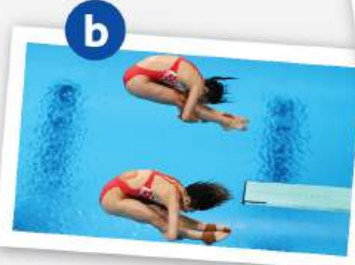
a. 劍擊 Fencing b. 跳水 Diving
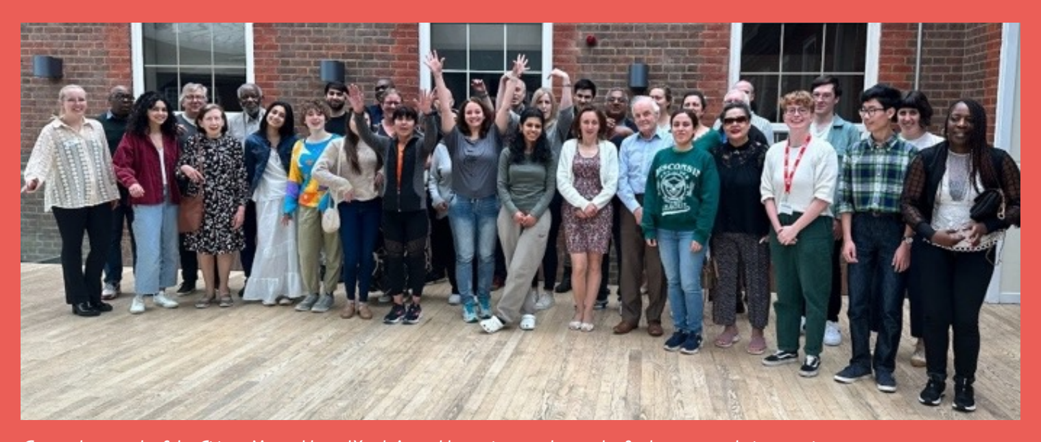
Group photograph of the Citizens' Assembly and Youth Assembly coming together at the final recommendations session
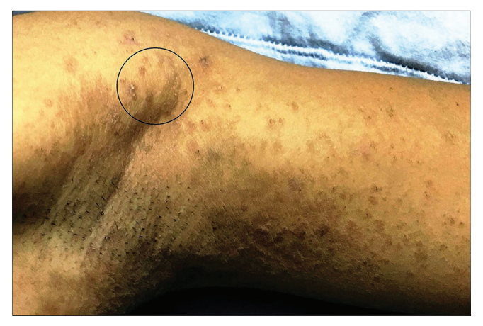
Figure 1: Erythematous papules involving the left axilla with fine adherent scaling

A 16-year-old female presented with slightly erythematous scaly papules involving both the axillae since the past 3 months. The lesions were episodically pruritic precipitated by sweating on exertion or warm weather. In addition, she had similar lesions involving both the cubital fossae and groins. There was no personal or family history of atopy. The lesions were predominantly discrete papules but had coalesced at places to form plaques with fine scaling [Figure 1, black circle]. The
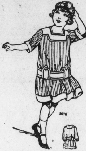
9074 (With Basting Line and Added Seam Allowance) Child's Dress, 2 to 8 years.

Stripes Worn by Small Folks as Well as the Older Ones
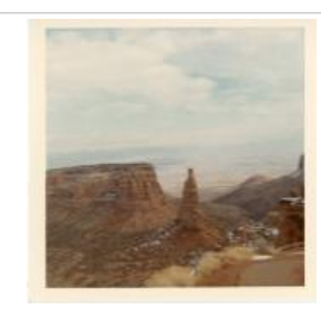
Colorado National Monument Independence Rock (F582.5)
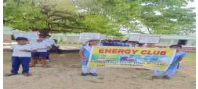
UTKALMANI GOVT HIGH. SCHOOL BAIGANABADIA
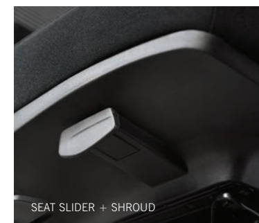
SEAT SLIDER + SHROUD
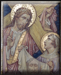
sixth station: veronica wipes the face of jesus
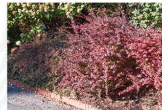
BERBERIS THUNBERGII ATROPURPUREA 'ROSE GLOW' ROSY GLOW BARBERRY

Height: 3 - 6', Foliage: Burgundy, Spread: 4 - 7', Fall Foliage: Purple-red, Zone: 4 - 7, Shape: Upright
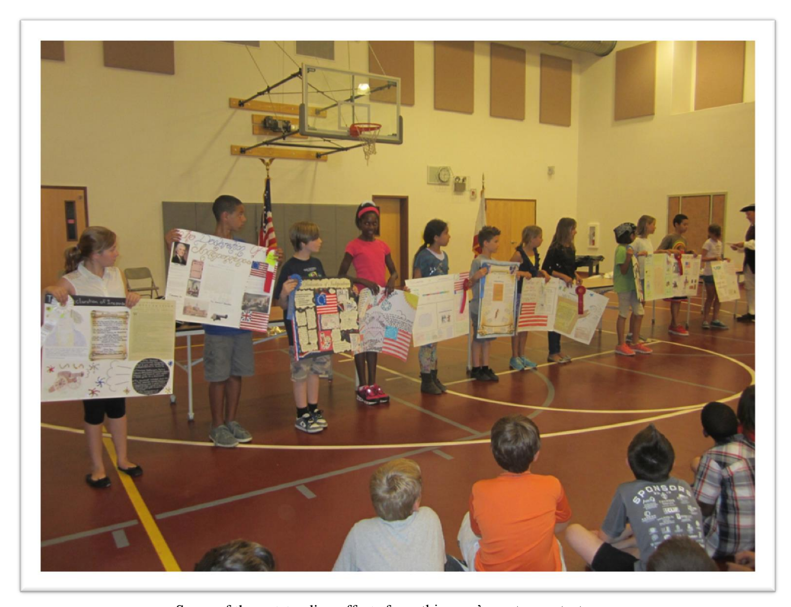
Some of the outstanding efforts from this year's poster contest
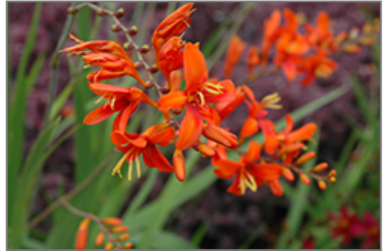
Bright Eyes Crocosmia flowers

Bright Eyes Crocosmia is recommended for the following landscape applications;
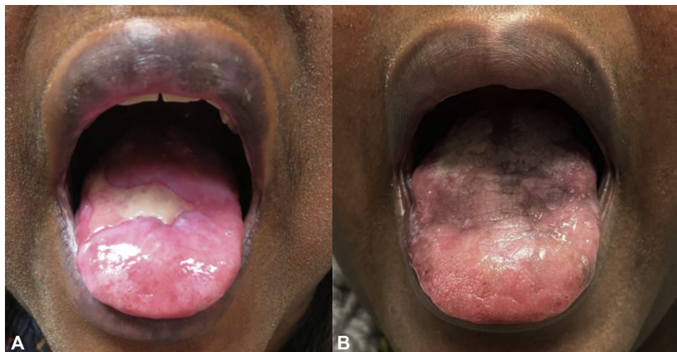
Fig 1. Case 1: bullous erythema multiforme. A , Bulla and erosions on the dorsum of the tongue. B , Reepithelialization with hyperpigmentation following thalidomide therapy was observed.

remission of all disease (Fig 1, B). Prednisone, methotrexate, dapsone, and valacyclovir were gradually withdrawn during a period of 6 months. The patient has remained disease-free on thalidomide (200 mg daily), as a monotherapy during the ensuing 9 years. It is noteworthy that mild flares occurred on 2 separate occasions when the thalidomide dosage was lowered.
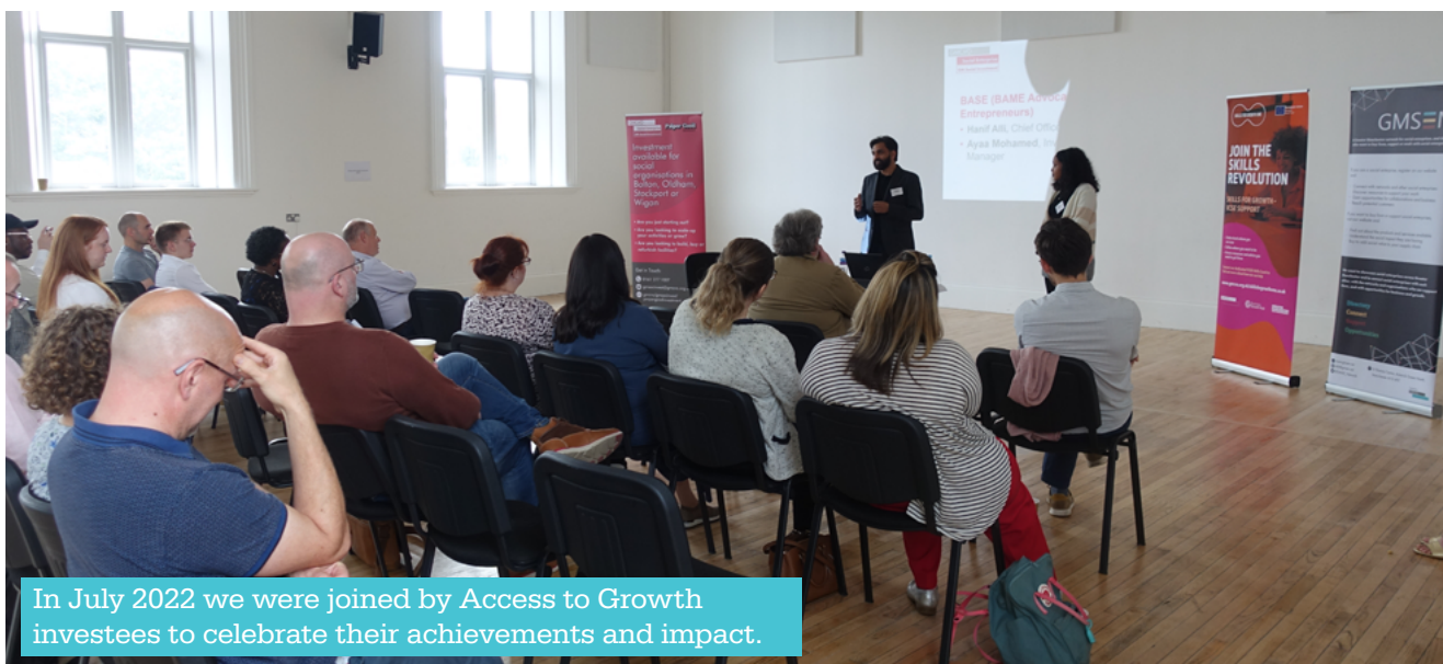
In July 2022 we were joined by Access to Growth investees to celebrate their achievements and impact.

····················

» **Task**:
Your answer must be exactly the lines from the one containing "Some of the" through the last line of the records above, both included, with every picture left out.

» **Written answer**:
Some of the outstanding efforts from this year's poster contest
Bright Eyes Crocosmia flowers

Bright Eyes Crocosmia is recommended for the following landscape applications;
Fig 1. Case 1: bullous erythema multiforme. A , Bulla and erosions on the dorsum of the tongue. B , Reepithelialization with hyperpigmentation following thalidomide therapy was observed.

remission of all disease (Fig 1, B). Prednisone, methotrexate, dapsone, and valacyclovir were gradually withdrawn during a period of 6 months. The patient has remained disease-free on thalidomide (200 mg daily), as a monotherapy during the ensuing 9 years. It is noteworthy that mild flares occurred on 2 separate occasions when the thalidomide dosage was lowered.
In July 2022 we were joined by Access to Growth investees to celebrate their achievements and impact.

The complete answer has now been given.